Additionally, schedule data is unavailable for certain bus stops via the public API, and there is a lack of information on bus load displayed at the bus stop device. Furthermore, the event publisher fails to provide notifications about bus positioning, and inaccurate forecasts have been made regarding the transit system load.
Our Challenge
Our challenge has been managing a growingly complex tech stack that includes a multi-cloud system spanning Azure, AWS, and GCP, multiple data structures, and diverse data ingestion technologies such as ETL tools, Azure functions, and MQTT services.
More, the data engineering team was downstream from the analytical and operational teams, and there was a cloud-to-device management system in place, along with a public web API, a web portal, and a mobile app.
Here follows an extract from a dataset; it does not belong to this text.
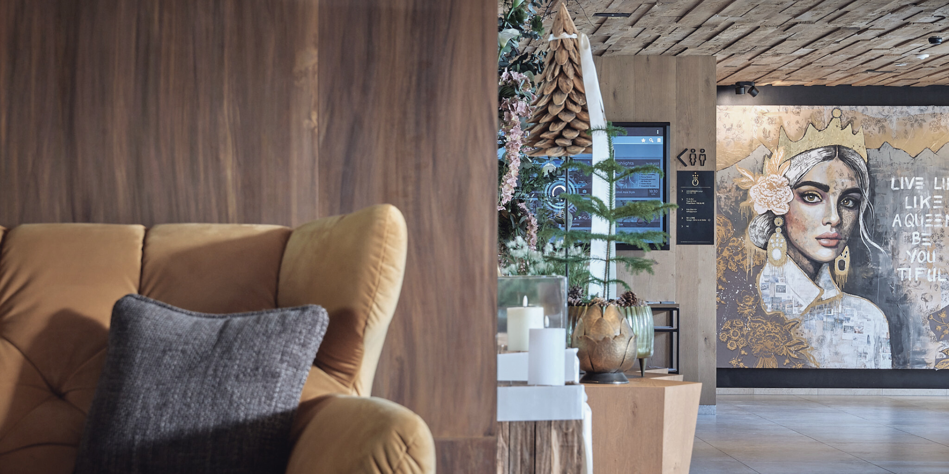 Die Lobby der HOCHKÖNIGIN in Maria Alm ist mehr als ein Eingangsbereich – sie ist ein Statement. Kunstvolle Details, modernes Design und warme Materialien schaffen eine Atmosphäre zwischen Galerie und Wohlfühlort. Das imposante Wandkunstwerk mit der Aufschrift „Live life like a Queen – be you tiful“ symbolisiert die Philosophie des Hauses: Stil, Stärke und Selbstbewusstsein. Perfekt für Designliebhaber, die im Boutiquehotel im Salzburger Land Inspiration und Ästhetik suchen.#Hochkoenigin #MariaAlm #Designhotel #Lobby #Kunst #SalzburgerLand #Architektur #InteriorDesign #Hotel #Boutiquehotel #Lifestylehotel #Designliebe

Real-time event notifications had been facilitated by an event publisher, and the system supports reporting and analytics. However, the pipelines execution scheduler created strong data dependencies, and the team was forced to use auto-scaling to mitigate performance issues.
The client chosen our solution, the FLUENT Data Observability Platform, because it provides the ability to monitor the health of operations through the addition of metadata to all ingestion pipelines.
The platform can track important metrics such as the duration of GTFS daily updates, delays, retries, and ETL execution status, as well as GTFS-RT system connectivity. It can also monitor dataset availability and schema changes for GTFS and GTFS-RT, and track the number of records for GTFS daily updates and GTFS-RT message updates.
Fluent is equipped with data profiling and anomaly detection capabilities, which enable it to detect abnormal schedule changes, such as bus stop arriving time changes and bus line changes for bus stops, as well as spikes in estimated passenger numbers. Additionally, the platform implements data validation by enforcing business rules, such as GTFS-RT validation based on GTFS trip unique identifiers and epoch time validation for next bus arrival.
FLUENT Data Observability Platform
The Outcome
Using the FLUENT Data Observability Platform from Vortex AI has been very positive for OneBus. OneBus has set up single-sign-on access to the monitoring platform, allowing anyone with a company email to access it. This has helped democratize access to data tooling, which has led to increased transparency and focus on data quality.
With monitoring, alerting, and lineage in place, the engineering teamwas able to proactively communicate data downtime to data consumer teams and mitigate the impact on the system. Additionally, by implementing a system where reports and analysis are not available until data is fixed, OneBus has ensured that data quality remains a top priority.
Investing in data observability has helped OneBus accomplish its larger mission of keeping passengers informed and up-to-date on public transportation services status. The ETA calculation based on GTFS schedule has helped ensure that passengers can plan their trips with accuracy.
* OneBus is a fictive name to protect the confidentiality of our client.